Perspective A: The world is a terrible place. There's nothing I can do to change that, and it will always be that way. My life will always suck. No one will ever love me. I'll never be confident, beautiful, smart, etc. I will never be happy, no matter what I do.

Perspective B: Things might be hard right now, but they can always get better. There is a lot of bad in the world, but there's a lot of good things to. I may feel unloved, but I know that in reality there are people who care about me, even when it doesn't seem like it. I'm not the most gorgeous girl in the world, but to someone out there I am beautiful. I will be happy, but I recognize that happiness must be worked for. I will work; I won't give up.
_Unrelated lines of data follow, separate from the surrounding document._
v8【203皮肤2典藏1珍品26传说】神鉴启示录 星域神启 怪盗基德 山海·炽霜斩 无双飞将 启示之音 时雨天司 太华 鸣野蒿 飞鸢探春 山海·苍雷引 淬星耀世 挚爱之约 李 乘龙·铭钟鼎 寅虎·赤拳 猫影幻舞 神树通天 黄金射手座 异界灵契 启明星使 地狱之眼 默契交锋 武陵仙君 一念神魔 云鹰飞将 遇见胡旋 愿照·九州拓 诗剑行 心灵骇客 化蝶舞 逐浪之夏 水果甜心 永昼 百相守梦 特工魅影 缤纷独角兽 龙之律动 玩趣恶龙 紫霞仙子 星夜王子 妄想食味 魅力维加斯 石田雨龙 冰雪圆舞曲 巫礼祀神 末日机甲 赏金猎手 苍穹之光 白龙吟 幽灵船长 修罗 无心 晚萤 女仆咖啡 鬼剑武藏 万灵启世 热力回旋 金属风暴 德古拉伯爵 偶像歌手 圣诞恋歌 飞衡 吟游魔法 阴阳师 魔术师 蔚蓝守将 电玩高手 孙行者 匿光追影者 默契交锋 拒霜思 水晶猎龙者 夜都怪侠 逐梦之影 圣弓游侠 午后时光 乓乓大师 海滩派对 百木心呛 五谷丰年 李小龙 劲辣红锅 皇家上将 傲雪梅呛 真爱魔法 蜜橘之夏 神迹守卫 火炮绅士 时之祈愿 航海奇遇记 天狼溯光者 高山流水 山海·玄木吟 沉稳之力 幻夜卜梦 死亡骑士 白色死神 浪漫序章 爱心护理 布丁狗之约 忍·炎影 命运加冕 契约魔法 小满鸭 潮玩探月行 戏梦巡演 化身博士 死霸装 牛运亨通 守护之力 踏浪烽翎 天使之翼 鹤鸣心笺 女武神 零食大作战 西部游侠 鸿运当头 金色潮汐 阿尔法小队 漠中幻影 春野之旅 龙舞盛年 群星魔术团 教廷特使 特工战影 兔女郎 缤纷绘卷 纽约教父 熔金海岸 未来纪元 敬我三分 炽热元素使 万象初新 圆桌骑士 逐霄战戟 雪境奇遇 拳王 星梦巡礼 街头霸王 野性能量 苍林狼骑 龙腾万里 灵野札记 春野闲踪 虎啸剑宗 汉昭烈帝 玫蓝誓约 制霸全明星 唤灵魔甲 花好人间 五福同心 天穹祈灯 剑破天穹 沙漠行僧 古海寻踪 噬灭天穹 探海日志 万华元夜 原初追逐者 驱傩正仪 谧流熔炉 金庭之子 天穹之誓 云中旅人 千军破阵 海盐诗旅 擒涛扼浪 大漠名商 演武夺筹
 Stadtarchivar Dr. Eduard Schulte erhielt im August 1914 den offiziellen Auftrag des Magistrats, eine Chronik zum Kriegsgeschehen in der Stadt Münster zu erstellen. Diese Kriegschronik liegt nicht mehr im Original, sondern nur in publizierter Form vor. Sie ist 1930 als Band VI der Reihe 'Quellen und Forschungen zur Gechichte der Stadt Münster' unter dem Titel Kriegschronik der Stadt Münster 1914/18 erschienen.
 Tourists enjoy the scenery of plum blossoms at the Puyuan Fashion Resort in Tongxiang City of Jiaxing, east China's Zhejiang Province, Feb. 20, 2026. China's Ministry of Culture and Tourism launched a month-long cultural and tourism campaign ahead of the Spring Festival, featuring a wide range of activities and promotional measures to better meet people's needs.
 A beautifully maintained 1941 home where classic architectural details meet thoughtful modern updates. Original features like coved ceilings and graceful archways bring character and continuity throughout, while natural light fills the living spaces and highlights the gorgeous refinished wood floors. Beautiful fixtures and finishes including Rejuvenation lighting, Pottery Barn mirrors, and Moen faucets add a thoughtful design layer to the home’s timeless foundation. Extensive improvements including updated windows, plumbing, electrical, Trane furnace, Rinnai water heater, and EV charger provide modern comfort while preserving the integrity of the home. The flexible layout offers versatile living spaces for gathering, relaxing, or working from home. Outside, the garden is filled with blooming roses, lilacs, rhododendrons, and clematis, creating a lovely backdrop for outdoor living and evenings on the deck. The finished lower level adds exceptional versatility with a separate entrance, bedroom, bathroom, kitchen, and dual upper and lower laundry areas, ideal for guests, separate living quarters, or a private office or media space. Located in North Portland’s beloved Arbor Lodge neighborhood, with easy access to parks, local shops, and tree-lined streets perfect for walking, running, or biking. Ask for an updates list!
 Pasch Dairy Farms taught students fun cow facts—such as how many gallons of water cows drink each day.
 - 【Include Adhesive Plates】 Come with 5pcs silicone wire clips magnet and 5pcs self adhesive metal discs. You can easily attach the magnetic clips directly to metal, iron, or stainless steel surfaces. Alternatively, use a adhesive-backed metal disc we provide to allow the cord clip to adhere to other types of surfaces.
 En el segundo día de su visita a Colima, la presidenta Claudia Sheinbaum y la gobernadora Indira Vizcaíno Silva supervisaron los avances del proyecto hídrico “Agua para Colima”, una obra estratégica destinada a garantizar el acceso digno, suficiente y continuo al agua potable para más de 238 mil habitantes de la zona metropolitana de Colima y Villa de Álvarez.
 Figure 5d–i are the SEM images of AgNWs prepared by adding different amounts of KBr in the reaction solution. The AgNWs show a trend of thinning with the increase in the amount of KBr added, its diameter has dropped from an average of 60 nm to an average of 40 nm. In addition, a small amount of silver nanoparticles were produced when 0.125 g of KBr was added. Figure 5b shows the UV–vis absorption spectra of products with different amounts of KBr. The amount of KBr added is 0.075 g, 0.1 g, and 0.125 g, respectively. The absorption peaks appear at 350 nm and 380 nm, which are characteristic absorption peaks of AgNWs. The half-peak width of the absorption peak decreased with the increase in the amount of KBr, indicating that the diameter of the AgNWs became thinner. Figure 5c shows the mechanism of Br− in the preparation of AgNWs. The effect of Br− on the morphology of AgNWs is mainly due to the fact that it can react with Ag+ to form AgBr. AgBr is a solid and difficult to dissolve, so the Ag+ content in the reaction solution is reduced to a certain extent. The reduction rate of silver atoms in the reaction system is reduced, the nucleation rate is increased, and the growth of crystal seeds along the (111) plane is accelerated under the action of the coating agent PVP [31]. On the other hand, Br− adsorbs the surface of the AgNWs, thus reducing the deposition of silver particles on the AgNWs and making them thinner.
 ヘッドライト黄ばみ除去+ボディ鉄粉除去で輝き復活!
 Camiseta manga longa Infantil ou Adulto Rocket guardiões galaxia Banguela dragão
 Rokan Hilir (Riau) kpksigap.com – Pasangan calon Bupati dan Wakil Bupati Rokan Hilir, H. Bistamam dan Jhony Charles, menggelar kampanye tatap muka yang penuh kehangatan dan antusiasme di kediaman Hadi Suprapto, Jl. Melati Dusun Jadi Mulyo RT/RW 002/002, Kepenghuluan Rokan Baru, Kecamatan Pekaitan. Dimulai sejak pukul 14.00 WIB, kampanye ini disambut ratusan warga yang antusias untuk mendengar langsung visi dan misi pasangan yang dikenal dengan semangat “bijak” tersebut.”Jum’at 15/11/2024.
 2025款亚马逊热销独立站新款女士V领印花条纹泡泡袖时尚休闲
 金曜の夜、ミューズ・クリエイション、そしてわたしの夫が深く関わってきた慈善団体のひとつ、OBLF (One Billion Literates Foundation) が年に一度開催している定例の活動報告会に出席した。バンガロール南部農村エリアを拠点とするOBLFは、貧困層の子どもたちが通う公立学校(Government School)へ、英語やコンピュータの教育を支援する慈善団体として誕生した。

What perspective do you think will get you farther in life? Do you honestly think that everything in the world is rotten and terrible? I know it might seem like it sometimes, but it really isn't. Go to a busy city and stand on the sidewalk. You see traffic, hear car horns, people racing to their jobs. Now go up on an airplane and look down at the same scene. I bet it would look much different. All those things that aggravated you or made you pissed off are much smaller from that perspective. And what you really see is how beautiful everything is from up above.

Sure, it's a cheesy example, but there's so much truth to it. How successful and happy you become all depends on the way you look at life. Right now, you're not realizing your potential. You're not realizing how small these things that make the world seem ugly and terrible are compared to the big picture. Because in the big picture you are loved, and you have a purpose. Happiness is never out of reach, even when it seems like it.

Think of something you like to do, that you'd like to do in your future. For me, it's writing. Take that, and dedicate your life to it. Imagine yourself in ten years, doing what you love for a living, and truly being happy. If you can have that, why would you walk away from it? Why would you choose nothing or everything you want?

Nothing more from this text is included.